September retail sales rose 0.7%, following an upwardly revised 0.8% increase in August. Real disposable income declined for the third consecutive month, revealing consumers are dipping into their savings. September saw consumers outspending their income growth, resulting in the lowest personal savings rate since December 2022. The savings rate dropped to 3.4%, causing concerns about the sustainability of Americans’ high spending rates.

Yields on 10-year Treasuries momentarily surpassed 5% in intraday trading for the first time in 16 years during the latter half of October. Meanwhile, the 30-year rate has been hovering above 5% since mid-October. On the longer end of the curve, yields keep increasing despite increased fund flows into longer term ETFs like TLT, which has seen two of this year’s largest inflow days and largest outflow day in the past week.
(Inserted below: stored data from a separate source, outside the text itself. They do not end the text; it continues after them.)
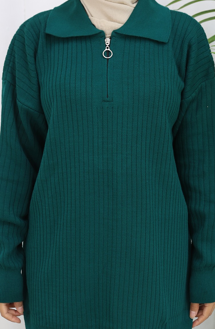 Petroleumfarbe wird verwendet. Es ist mit Acrylstoff hergestellt. Entworfen mit gestreiften gemusterten Stoff. Reißverschluss ist für die einfache Handhabung verwendet. Dicker Stoff ist mit Winter konzipiert. Der Körpergröße, den die Models trägt, ist optisch visuelle körpergröße.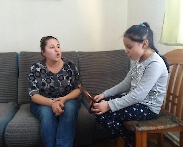 Nachdem sich die Quarantäne ein wenig geöffnet hat, fängt Anja Romaniuk wieder an, ihre Mädchen und Jungen in ihren Unterricht einzuladen.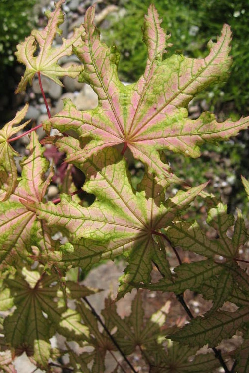 A showpiece of a tree with ‘Aka Shigitatsu Sawa’ is a rare and beautiful mid-size upright Japanese Maple adored for its wonderful changing colors throughout the seasons. The colors can differ based on climate and the amount of sunlight the tree receives. With four or fewer hours of sunlight daily, its deeply-lobed reticulated leaves usually emerge pink, salmon, or peach shades with red highlights and green veins, transitioning to green and cream-white shades during summer and vibrant orange-red in fall. With five or more hours of sunlight daily, the leaves usually emerge deeper pink-red to red shades with green veins, transitioning to green with red highlights and vibrant orange-red shades in fall. The colors are fantastic, no matter the location. Though it will tolerate full sun in cool or mild summer climates, in the hot and humid South, we’ve noticed that the foliage tends to hold up better through the seasons with some filtered sun or shade during the midafternoon hours when the sunlight is most intense, especially on container-grown specimens. Sure to be a captivating specimen in the garden.

The spread between the 10-year and 2-year rates has tightened dramatically in the last several months from its peak inversion of -1.08% in early July. On the other hand, the spread between the 10-year and 3-month still has ways to go before it comes close to coming out of inversion.

Crude oil prices wrapped up a turbulent month in which oil prices were rocked by the war in Israel and mixed demand indicators. Both crude oil and gas prices have fallen from their recent relative September peak, where gas prices may continue to decline since the drop in crude oil costs typically takes a few weeks to become fully reflected in the cost of gas. Consumer demand for gasoline has dropped over 35 cents per gallon, below average fall levels; in part due to higher-than-usual prices, persistent inflation putting elevated pressure on disposable household incomes.

We remain cautiously optimistic and continue to use a quantitative investing approach. In times of uncertainty, it is more important than ever to follow the data and not make decisions based on emotions. Hilltops partnership with Helios relies on facts and data, which we use during our recalculations on a bi-weekly basis. Our models adjust appropriately to market conditions.